Highlights
- A Beijing think tank argues that the U.S. is constructing a “three-tier dollar zone” to bind resources, energy, and supply chains into a reinforced financial order, though the analysis overstates American coordination while understating both the U.S.'s structural strengths and China’s vulnerabilities.
- The U.S. is genuinely strengthening mineral partnerships and linking critical minerals to national security policy, marking a real evolution from the petrodollar system toward a broader energy-minerals-technology nexus anchored in dollar liquidity.
- While China dominates processing scale, America’s advantages lie in financial gravity, deep capital markets, alliance networks, and the dollar’s continued dominance as the world’s preferred reserve currency due to depth, transparency, and the rule of law.

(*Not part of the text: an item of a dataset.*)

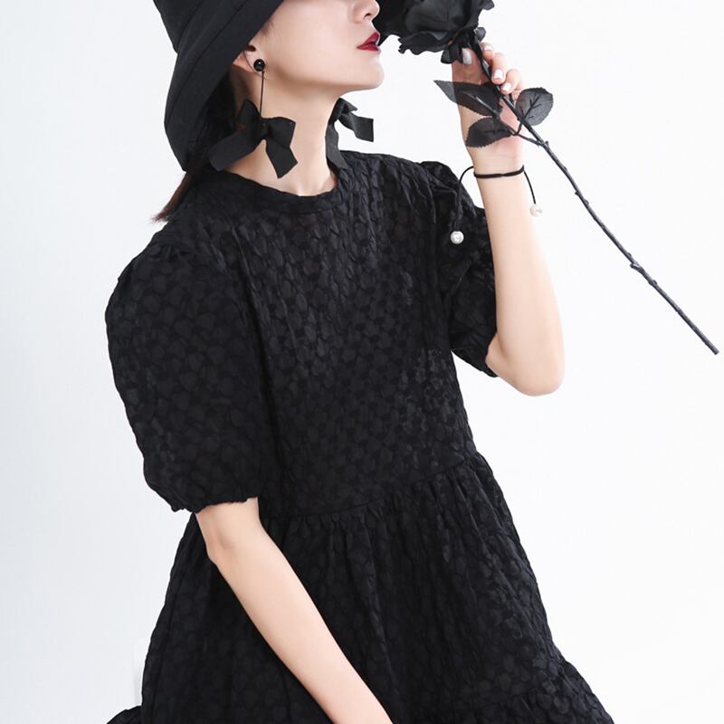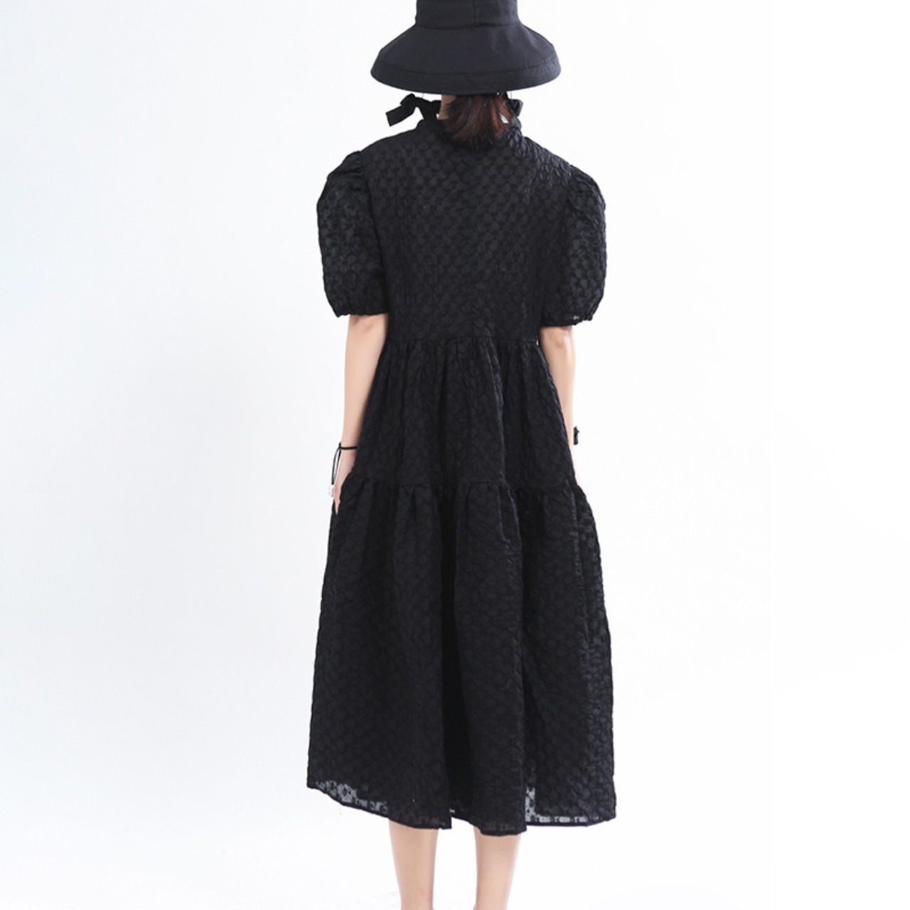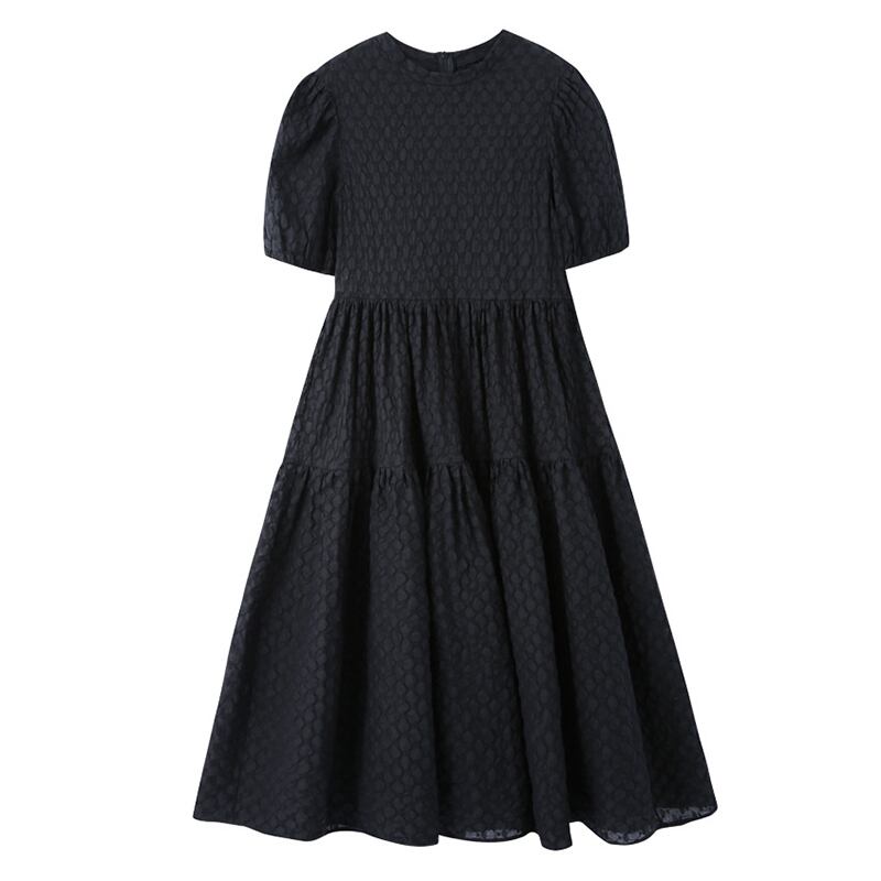 パフスリーブ ボンディング ドットワンピース【black(黒)】

A Beijing-based think tank argues the United States is constructing a “three-tier dollar zone” to bind resources, energy, and supply chains into a reinforced financial order. The thesis is provocative—and partly grounded in reality. But it reflects a China-centric lens that overstates U.S. coordination while understating both America’s structural strengths and China’s own vulnerabilities.

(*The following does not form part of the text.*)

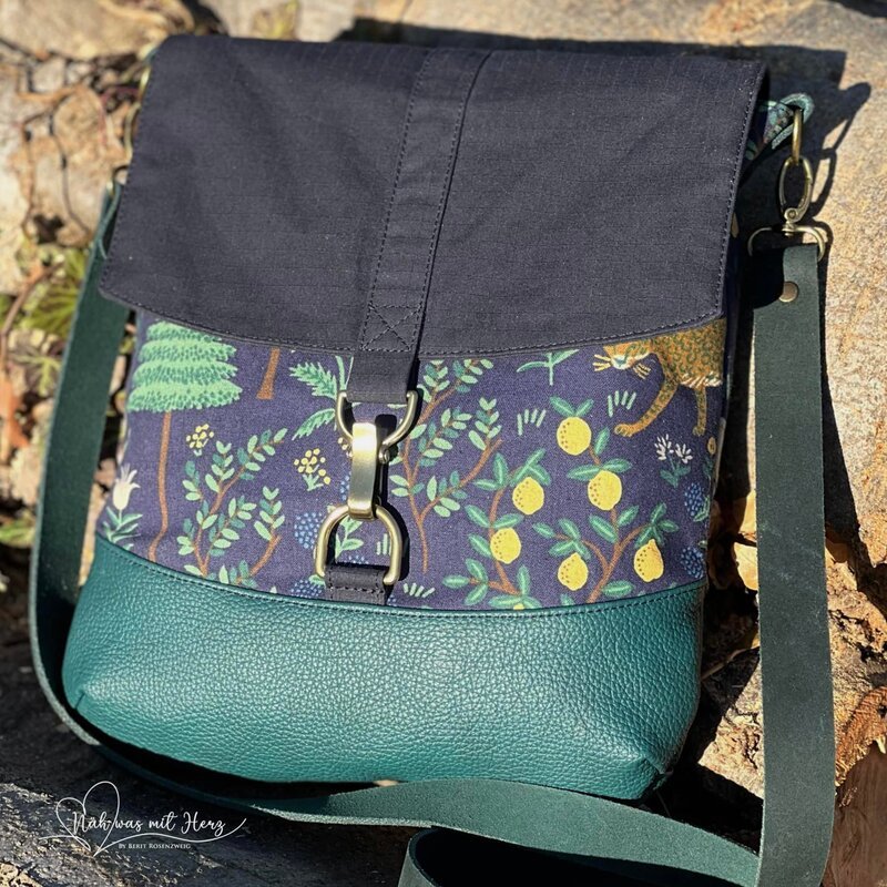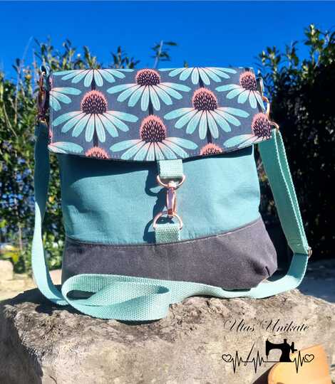 Ina ist eine sportive, praktische Umhängetasche mit Verschlussklappe, die auch von Anfängern gut umzusetzen ist. Mit ihrer mittleren Größe von 29 cm B x 32 cm H x ca. 6 cm T und der schlichten Form ist sie die ideale Alltagsbegleitung. Ina kann durch unterschiedliche Stoffaufteilungen und verschiedene Verschlusslösungen vielfältig gestalten werden. Eine Vielzahl von Innenfachmöglichkeiten wie Steckfach, Reißverschlussfach und Reißverschlusssteckfach sorgt für einen jederzeit perfekten Überblick.
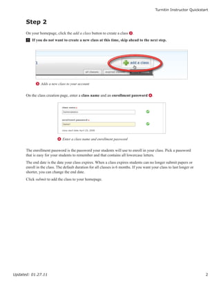 This document provides instructions for instructors to get started using the Turnitin plagiarism detection service. It outlines an 8 step process for instructors to: 1) create a user profile and register with Turnitin, 2) create a class and distribute the enrollment information to students, 3) create assignments for students to submit papers, 4) submit papers to assignments for plagiarism checking, 5) view originality reports which highlight matching text from other sources, 6) exclude sources from the originality report, and 7) use the GradeMark feature to provide feedback on student papers.

A Grand Design—or a Theory Too Neat
A recent analysis by Anbound (opens in a new tab) in Eurasia Review (opens in a new tab) suggests President Donald Trump is advancing a system where the Americas anchor resource supply, Asia and the Middle East function as strategic control zones, and other regions orbit within a dollar-centered framework. It is a clean narrative. Real-world policy is rarely so tidy.
Where the Argument Lands
There is substance beneath the framing in what Rare Earth Exchanges™ terms the Great Powers Era 2.0:
- The U.S. is strengthening mineral partnerships with allies such as Australia, Canada, and Latin American producers
- Critical minerals—lithium, copper, rare earths—are now central to U.S. industrial and national security policy
- Supply chains are increasingly shaped by geopolitics, not just market efficiency
This marks a real evolution: from a narrow petrodollar system toward a broader energy–minerals–technology nexus anchored in dollar liquidity.
Where It Overreaches
The report assumes a level of orchestration Washington does not consistently achieve:
- U.S. mineral strategy remains distributed across multiple agencies and political cycles
- Domestic capacity—from separation to magnet manufacturing—is still scaling, not dominant
- Some capital has been misallocated, with projects advancing more slowly than policy ambitions
In practice, the United States is building a system—but unevenly and in real time.

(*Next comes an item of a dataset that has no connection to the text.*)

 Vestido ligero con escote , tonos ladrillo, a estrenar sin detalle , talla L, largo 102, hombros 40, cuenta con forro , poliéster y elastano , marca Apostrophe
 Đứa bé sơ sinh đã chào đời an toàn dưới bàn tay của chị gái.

What the Analysis Leaves Out
The critique understates both American advantages and China’s constraints:
- The dollar remains the world’s preferred reserve and settlement currency due to depth, transparency, and the rule of law
- U.S.-aligned deep capital markets still set the global cost of capital
- China dominates processing, but relies heavily on export markets and external demand
China’s strength is industrial scale. America’s strength is financial gravity and alliance networks, and the nexus of market consumerism.
Why This Matters
This is not abstract theory. It is the future of supply chains.
If the U.S. succeeds, critical minerals will increasingly move through trusted, allied systems backed by dollar liquidity. That would reshape pricing power, financing, and long-term supply security.
Bottom Line
The “three-tier dollar zone” is not a finished architecture. It is a strategic direction.
Washington is linking minerals, money, and power with greater intent than before. The execution is incomplete—but the trajectory is real, and increasingly consequential.